_Task details_.
Wherever a line in the data below holds "from", copy that line.

-- Data records follows --

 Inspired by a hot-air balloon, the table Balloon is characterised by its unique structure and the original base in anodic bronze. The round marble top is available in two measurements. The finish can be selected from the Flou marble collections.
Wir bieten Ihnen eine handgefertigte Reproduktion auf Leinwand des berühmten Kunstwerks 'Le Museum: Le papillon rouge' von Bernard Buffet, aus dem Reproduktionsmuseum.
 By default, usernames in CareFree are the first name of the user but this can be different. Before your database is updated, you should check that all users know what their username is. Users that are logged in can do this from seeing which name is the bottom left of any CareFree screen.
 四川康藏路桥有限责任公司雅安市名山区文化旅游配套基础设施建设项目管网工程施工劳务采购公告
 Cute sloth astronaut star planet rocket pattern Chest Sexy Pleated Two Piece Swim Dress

-- Data records concluded --
-- Data records follows --

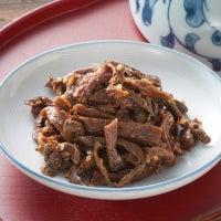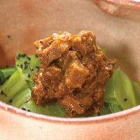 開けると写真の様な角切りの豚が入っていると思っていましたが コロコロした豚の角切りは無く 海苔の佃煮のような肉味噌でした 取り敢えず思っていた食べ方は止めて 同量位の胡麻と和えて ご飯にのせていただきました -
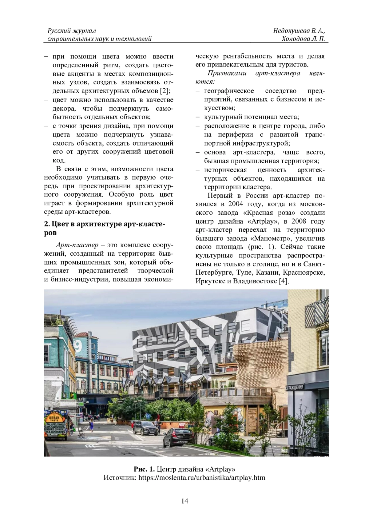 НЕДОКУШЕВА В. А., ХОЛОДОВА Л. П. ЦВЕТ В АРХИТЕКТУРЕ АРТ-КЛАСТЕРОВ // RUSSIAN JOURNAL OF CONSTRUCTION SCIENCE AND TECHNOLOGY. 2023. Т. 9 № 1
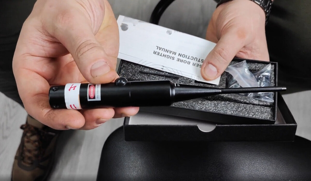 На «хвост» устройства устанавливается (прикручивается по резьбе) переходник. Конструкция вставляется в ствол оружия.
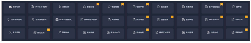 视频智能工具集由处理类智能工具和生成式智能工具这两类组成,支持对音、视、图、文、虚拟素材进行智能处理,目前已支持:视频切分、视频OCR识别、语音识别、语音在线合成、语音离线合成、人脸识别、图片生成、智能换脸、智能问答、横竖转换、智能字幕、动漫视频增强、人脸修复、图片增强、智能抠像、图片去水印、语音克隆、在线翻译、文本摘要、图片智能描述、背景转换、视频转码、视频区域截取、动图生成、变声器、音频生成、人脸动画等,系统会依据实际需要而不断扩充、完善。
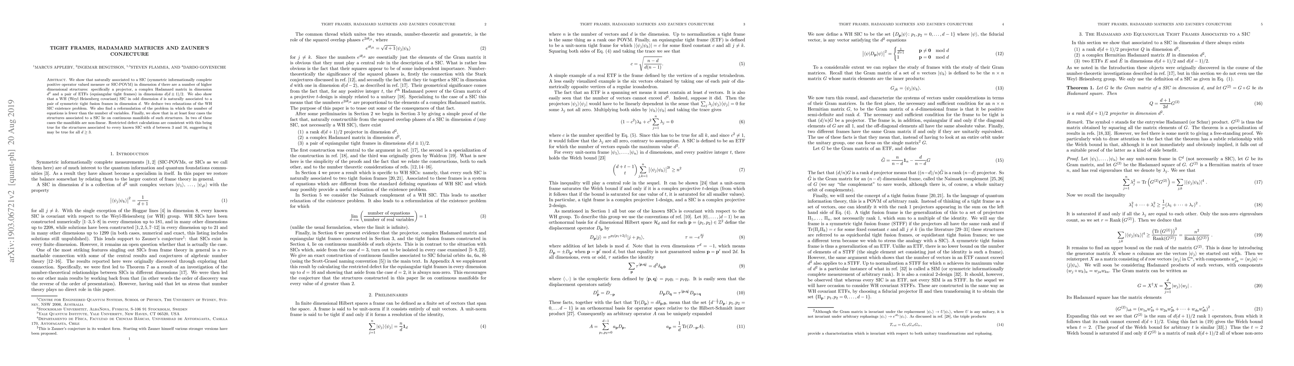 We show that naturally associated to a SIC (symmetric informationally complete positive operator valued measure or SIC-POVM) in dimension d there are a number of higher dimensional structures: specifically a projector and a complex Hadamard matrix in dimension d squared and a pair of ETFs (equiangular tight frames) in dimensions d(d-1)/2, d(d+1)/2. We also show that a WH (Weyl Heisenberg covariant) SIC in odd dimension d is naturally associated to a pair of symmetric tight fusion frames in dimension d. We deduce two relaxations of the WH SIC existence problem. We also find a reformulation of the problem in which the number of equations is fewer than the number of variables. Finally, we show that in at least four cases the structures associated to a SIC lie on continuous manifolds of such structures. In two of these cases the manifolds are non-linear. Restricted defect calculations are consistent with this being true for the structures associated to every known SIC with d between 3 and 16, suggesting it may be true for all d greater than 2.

-- Data records concluded --

_Solution to this problem_.
 Inspired by a hot-air balloon, the table Balloon is characterised by its unique structure and the original base in anodic bronze. The round marble top is available in two measurements. The finish can be selected from the Flou marble collections.
 By default, usernames in CareFree are the first name of the user but this can be different. Before your database is updated, you should check that all users know what their username is. Users that are logged in can do this from seeing which name is the bottom left of any CareFree screen.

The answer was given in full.